═══ Input material ═══

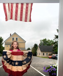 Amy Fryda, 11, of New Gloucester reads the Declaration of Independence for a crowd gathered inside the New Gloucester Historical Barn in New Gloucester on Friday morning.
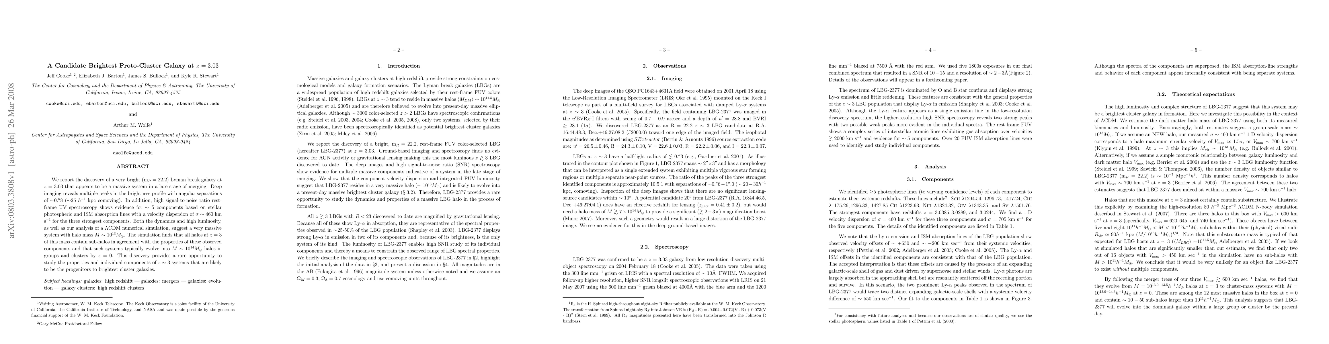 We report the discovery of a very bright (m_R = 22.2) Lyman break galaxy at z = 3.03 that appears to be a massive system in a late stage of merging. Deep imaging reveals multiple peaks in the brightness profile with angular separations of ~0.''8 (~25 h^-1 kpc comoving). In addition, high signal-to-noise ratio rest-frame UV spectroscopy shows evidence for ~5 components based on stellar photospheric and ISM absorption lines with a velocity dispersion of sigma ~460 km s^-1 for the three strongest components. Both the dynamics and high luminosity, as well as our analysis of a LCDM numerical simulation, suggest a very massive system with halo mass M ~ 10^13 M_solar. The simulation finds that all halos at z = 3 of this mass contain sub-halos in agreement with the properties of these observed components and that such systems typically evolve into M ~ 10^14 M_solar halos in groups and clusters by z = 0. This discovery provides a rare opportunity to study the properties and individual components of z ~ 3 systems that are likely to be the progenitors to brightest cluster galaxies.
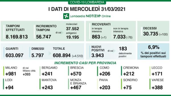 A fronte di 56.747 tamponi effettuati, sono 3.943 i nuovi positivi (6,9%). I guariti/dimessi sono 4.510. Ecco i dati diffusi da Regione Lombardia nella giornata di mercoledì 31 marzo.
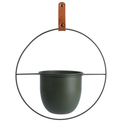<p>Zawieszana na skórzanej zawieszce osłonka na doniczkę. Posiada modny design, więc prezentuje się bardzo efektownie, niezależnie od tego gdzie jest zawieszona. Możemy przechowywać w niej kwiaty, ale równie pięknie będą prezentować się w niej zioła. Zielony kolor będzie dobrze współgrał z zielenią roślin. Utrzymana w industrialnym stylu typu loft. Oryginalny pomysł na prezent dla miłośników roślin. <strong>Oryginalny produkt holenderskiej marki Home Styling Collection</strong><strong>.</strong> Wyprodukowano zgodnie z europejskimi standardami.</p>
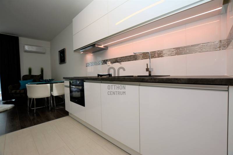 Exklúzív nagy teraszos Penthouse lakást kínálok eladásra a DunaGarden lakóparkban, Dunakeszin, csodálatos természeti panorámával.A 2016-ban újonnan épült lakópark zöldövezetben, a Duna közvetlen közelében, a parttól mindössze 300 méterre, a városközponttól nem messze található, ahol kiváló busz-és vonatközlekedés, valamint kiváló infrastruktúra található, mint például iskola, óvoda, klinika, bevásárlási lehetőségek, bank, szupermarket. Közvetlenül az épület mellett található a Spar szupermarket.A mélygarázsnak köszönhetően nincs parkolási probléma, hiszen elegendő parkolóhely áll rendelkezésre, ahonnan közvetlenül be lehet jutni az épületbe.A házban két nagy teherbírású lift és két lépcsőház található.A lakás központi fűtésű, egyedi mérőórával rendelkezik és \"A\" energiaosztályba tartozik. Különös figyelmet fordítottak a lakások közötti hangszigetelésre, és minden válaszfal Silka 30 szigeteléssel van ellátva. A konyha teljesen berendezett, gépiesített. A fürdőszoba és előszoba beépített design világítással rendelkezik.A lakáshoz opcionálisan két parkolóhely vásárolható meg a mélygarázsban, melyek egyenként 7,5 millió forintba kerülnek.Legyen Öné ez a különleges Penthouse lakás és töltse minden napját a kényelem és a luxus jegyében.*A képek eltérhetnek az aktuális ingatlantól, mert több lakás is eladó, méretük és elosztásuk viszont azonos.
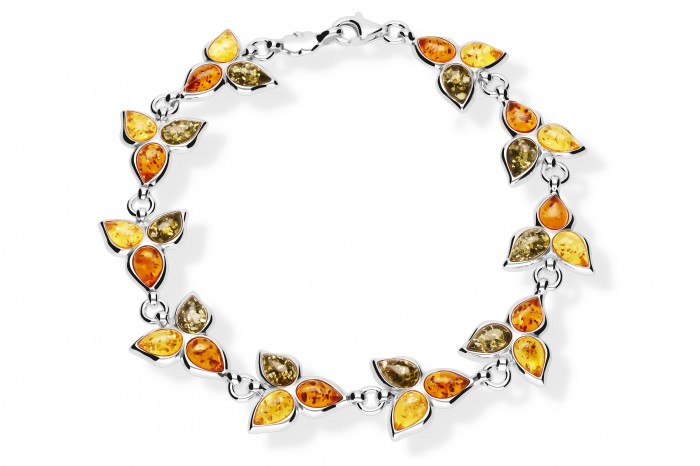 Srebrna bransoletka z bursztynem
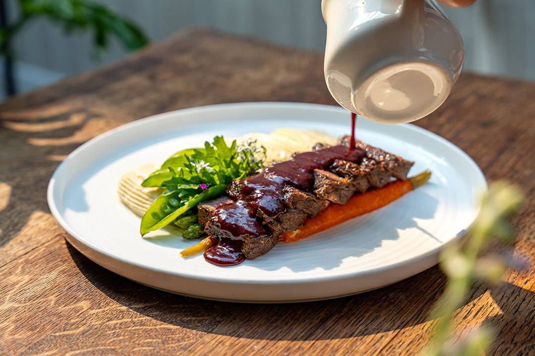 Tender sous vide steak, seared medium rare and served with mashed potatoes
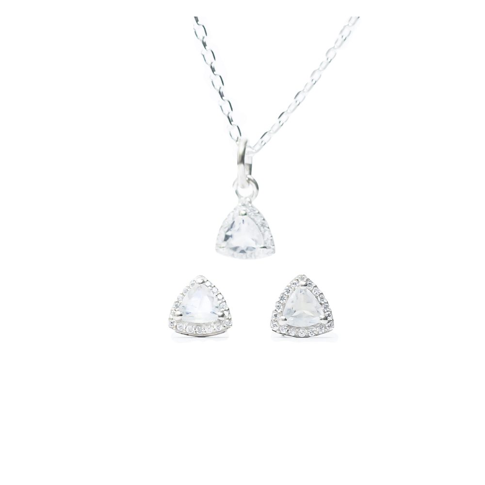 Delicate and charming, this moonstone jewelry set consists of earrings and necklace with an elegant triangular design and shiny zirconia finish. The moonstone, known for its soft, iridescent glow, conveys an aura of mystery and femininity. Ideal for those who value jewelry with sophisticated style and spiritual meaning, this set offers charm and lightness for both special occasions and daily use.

═══

### Exercise objective
An exact copy of the data above is required, printed without its pictures.

### Task output
 Amy Fryda, 11, of New Gloucester reads the Declaration of Independence for a crowd gathered inside the New Gloucester Historical Barn in New Gloucester on Friday morning.
 We report the discovery of a very bright (m_R = 22.2) Lyman break galaxy at z = 3.03 that appears to be a massive system in a late stage of merging. Deep imaging reveals multiple peaks in the brightness profile with angular separations of ~0.''8 (~25 h^-1 kpc comoving). In addition, high signal-to-noise ratio rest-frame UV spectroscopy shows evidence for ~5 components based on stellar photospheric and ISM absorption lines with a velocity dispersion of sigma ~460 km s^-1 for the three strongest components. Both the dynamics and high luminosity, as well as our analysis of a LCDM numerical simulation, suggest a very massive system with halo mass M ~ 10^13 M_solar. The simulation finds that all halos at z = 3 of this mass contain sub-halos in agreement with the properties of these observed components and that such systems typically evolve into M ~ 10^14 M_solar halos in groups and clusters by z = 0. This discovery provides a rare opportunity to study the properties and individual components of z ~ 3 systems that are likely to be the progenitors to brightest cluster galaxies.
 A fronte di 56.747 tamponi effettuati, sono 3.943 i nuovi positivi (6,9%). I guariti/dimessi sono 4.510. Ecco i dati diffusi da Regione Lombardia nella giornata di mercoledì 31 marzo.
<p>Zawieszana na skórzanej zawieszce osłonka na doniczkę. Posiada modny design, więc prezentuje się bardzo efektownie, niezależnie od tego gdzie jest zawieszona. Możemy przechowywać w niej kwiaty, ale równie pięknie będą prezentować się w niej zioła. Zielony kolor będzie dobrze współgrał z zielenią roślin. Utrzymana w industrialnym stylu typu loft. Oryginalny pomysł na prezent dla miłośników roślin. <strong>Oryginalny produkt holenderskiej marki Home Styling Collection</strong><strong>.</strong> Wyprodukowano zgodnie z europejskimi standardami.</p>
 Exklúzív nagy teraszos Penthouse lakást kínálok eladásra a DunaGarden lakóparkban, Dunakeszin, csodálatos természeti panorámával.A 2016-ban újonnan épült lakópark zöldövezetben, a Duna közvetlen közelében, a parttól mindössze 300 méterre, a városközponttól nem messze található, ahol kiváló busz-és vonatközlekedés, valamint kiváló infrastruktúra található, mint például iskola, óvoda, klinika, bevásárlási lehetőségek, bank, szupermarket. Közvetlenül az épület mellett található a Spar szupermarket.A mélygarázsnak köszönhetően nincs parkolási probléma, hiszen elegendő parkolóhely áll rendelkezésre, ahonnan közvetlenül be lehet jutni az épületbe.A házban két nagy teherbírású lift és két lépcsőház található.A lakás központi fűtésű, egyedi mérőórával rendelkezik és \"A\" energiaosztályba tartozik. Különös figyelmet fordítottak a lakások közötti hangszigetelésre, és minden válaszfal Silka 30 szigeteléssel van ellátva. A konyha teljesen berendezett, gépiesített. A fürdőszoba és előszoba beépített design világítással rendelkezik.A lakáshoz opcionálisan két parkolóhely vásárolható meg a mélygarázsban, melyek egyenként 7,5 millió forintba kerülnek.Legyen Öné ez a különleges Penthouse lakás és töltse minden napját a kényelem és a luxus jegyében.*A képek eltérhetnek az aktuális ingatlantól, mert több lakás is eladó, méretük és elosztásuk viszont azonos.
 Srebrna bransoletka z bursztynem
 Tender sous vide steak, seared medium rare and served with mashed potatoes
 Delicate and charming, this moonstone jewelry set consists of earrings and necklace with an elegant triangular design and shiny zirconia finish. The moonstone, known for its soft, iridescent glow, conveys an aura of mystery and femininity. Ideal for those who value jewelry with sophisticated style and spiritual meaning, this set offers charm and lightness for both special occasions and daily use.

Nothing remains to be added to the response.